Application of Stoke's theorem on a swimmer in a swimming pool Problem says: 
A circular swimming pool has a small, circular island in the middle. There is a current with components, in Cartesian components
$$\vec{v}= \frac{1}{x^2+y^2}(-y,x)$$
To a swimmer who swims around the pool this vector represents a force that he has to work against. The curl of this vector field is zero.  (You need not prove that.) So a naive application of Stokes' theorem says that swimming around the pool (ending at the point of departure), requires no work. Carefully, study this conclusion in order to understand why it is false. Write an argument.
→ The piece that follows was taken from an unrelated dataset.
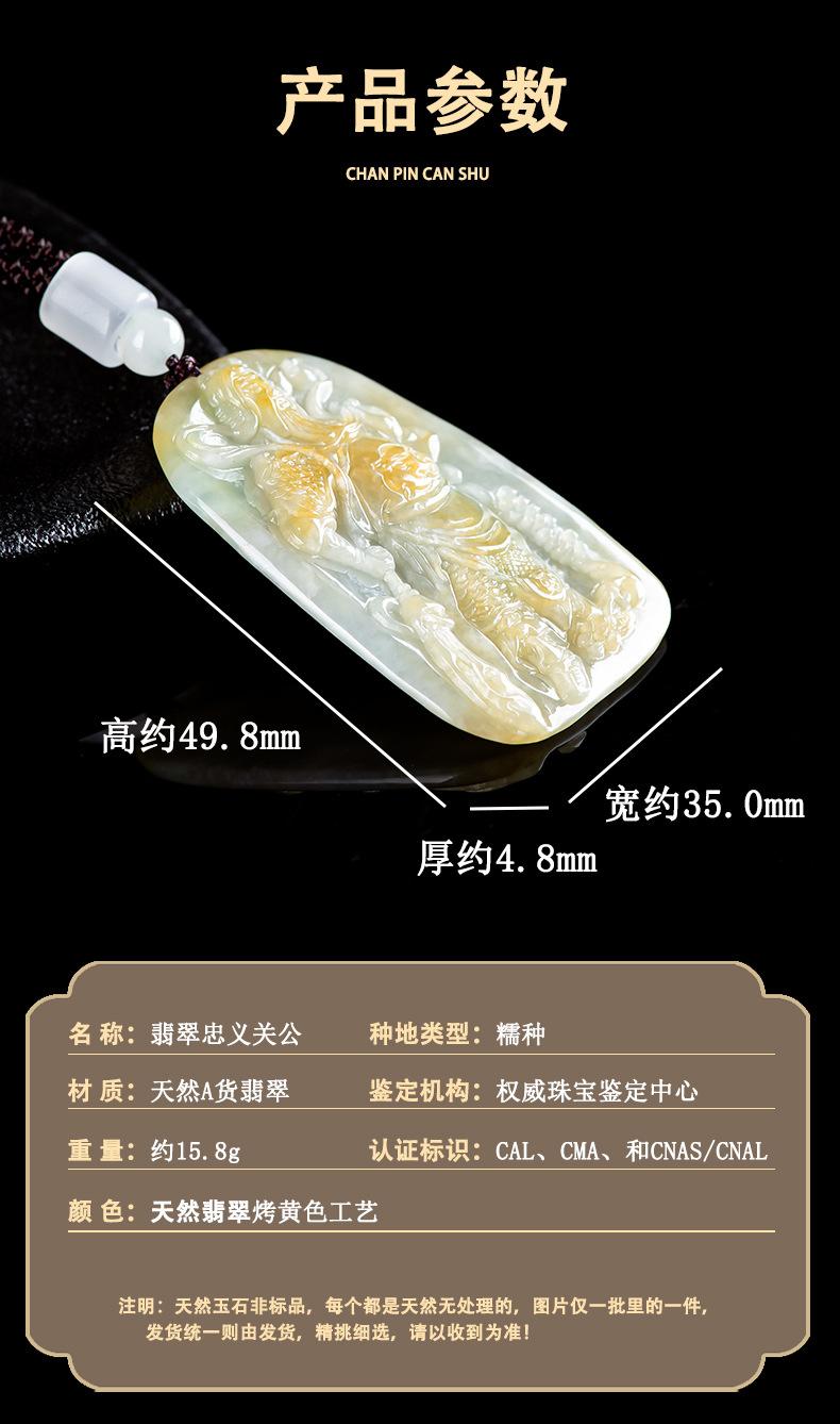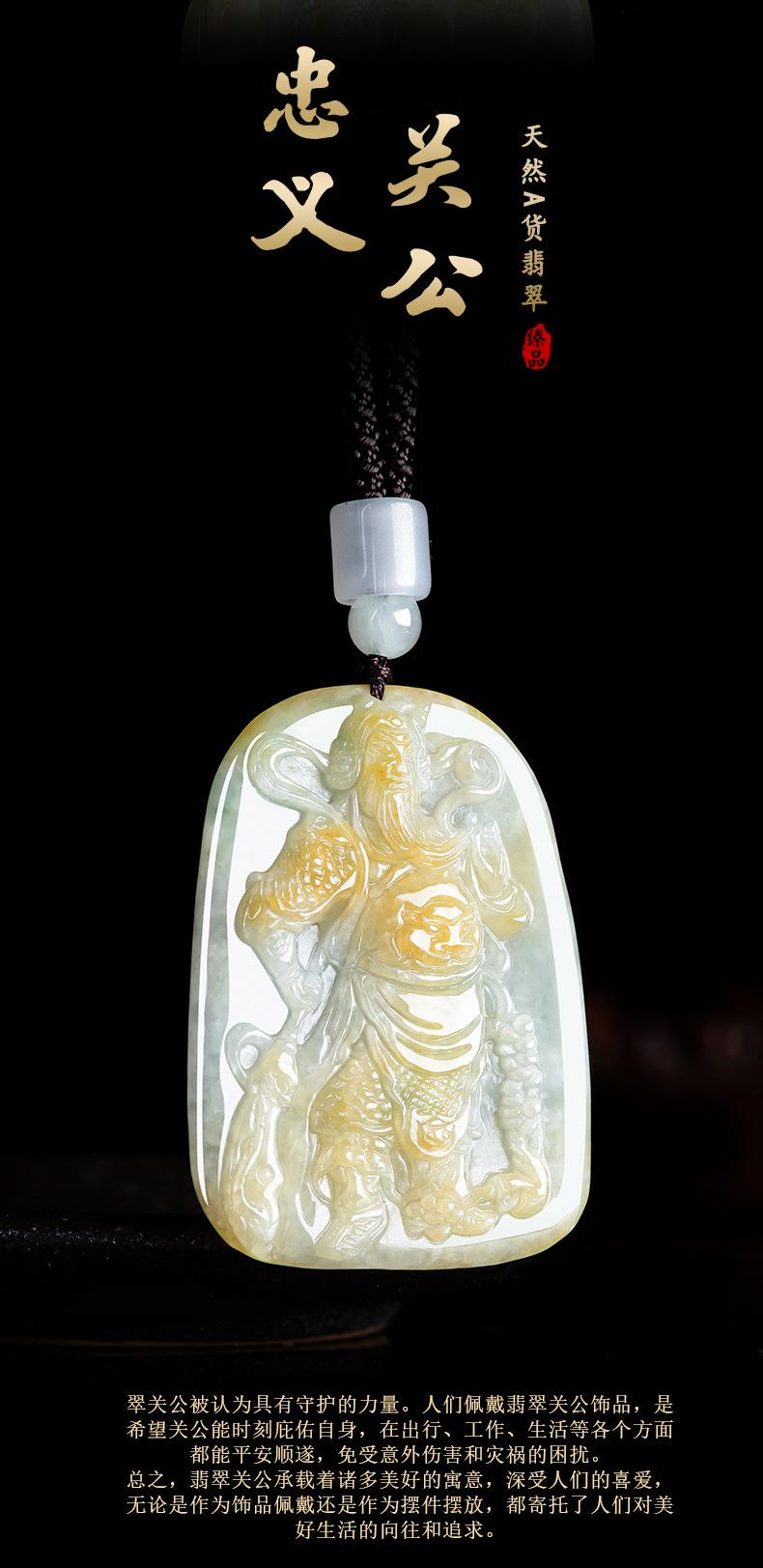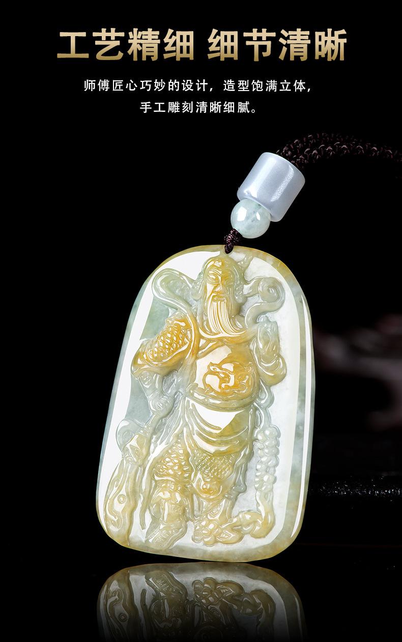 Jadeíta Natural Grado A Artes Marciales Guan Gong Colgante de Jade Artesanía Amarillo Quemado Colgante de Jade Glutinoso Collar para Hombre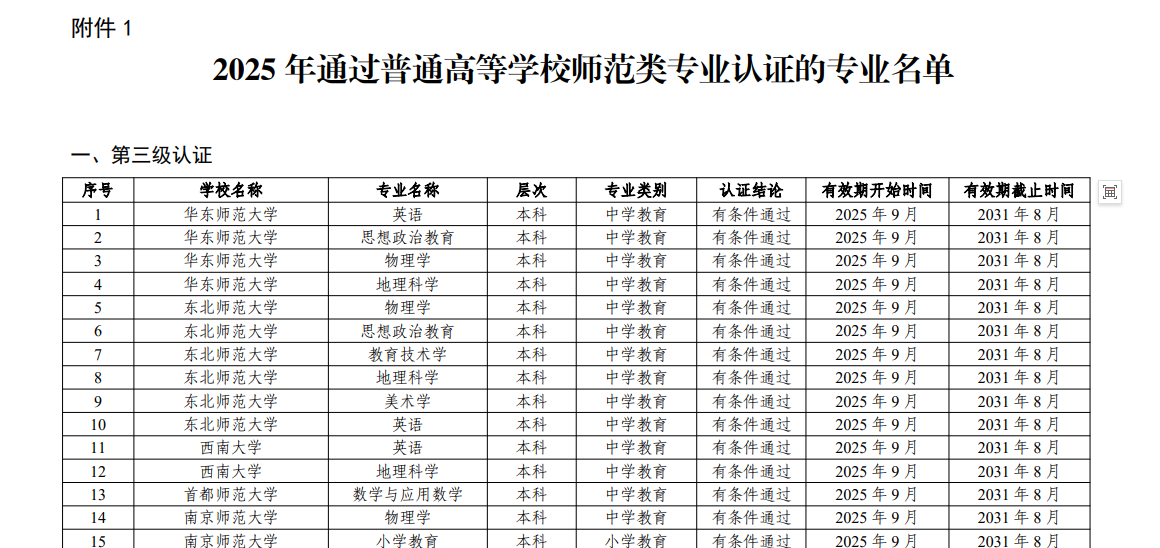 师范类专业认证是国家深化新时代教师教育改革、全面提高师范人才培养质量的核心举措。其中,第三级认证代表国家层面对师范类专业教学质量“卓越”水平的最高认可,旨在引导和激励专业聚焦教育家精神培育、构建卓越教师培养体系。

 A: You can't directly apply stokes theorem here. 
If $ C_{sw} $ is the curve the swimmer follows, and $C_{is} $ is the boundary of the island (both traversed anti-clockwise), You will have to apply stokes theorem to the region in between these two curves. This will result in the difference between line integrals along $C_{sw}~ and ~C_{is} $ This is why the naive application of stokes theorem is invalid.
Have a look at this pdf from MIT ocw, it addresses a very similar question. (The theorem is referred to as 'Green's theorem' here)
https://ocw.mit.edu/courses/mathematics/18-02sc-multivariable-calculus-fall-2010/3.-double-integrals-and-line-integrals-in-the-plane/part-c-greens-theorem/session-71-extended-greens-theorem-boundaries-with-multiple-pieces/MIT18_02SC_we_71_comb.pdf
A: We will compute the work done going against the current on a circle $C$ of radius $1$. Note that in order to go against the current, we need to swim clockwise.
Let $\gamma(t) = (\cos(t),\sin(t)),\ \gamma'(t) = (-\sin(t),\cos(t)), \ t\in[0,2\pi[$
$$
\oint_C \vec{v} \cdot d\vec{l} = \int_0^{2\pi} \frac{1}{\cos(t)^2 + \sin(t)^2} (-\sin(t),\cos(t)) \cdot (-\sin(t),\cos(t)) dt = \int_0^{2\pi} 1 dt = 2\pi
$$
The fact that the $ curl = 0 \implies \oint F dl = 0$ works under the condition the domain of $F$ is convex inside the loop.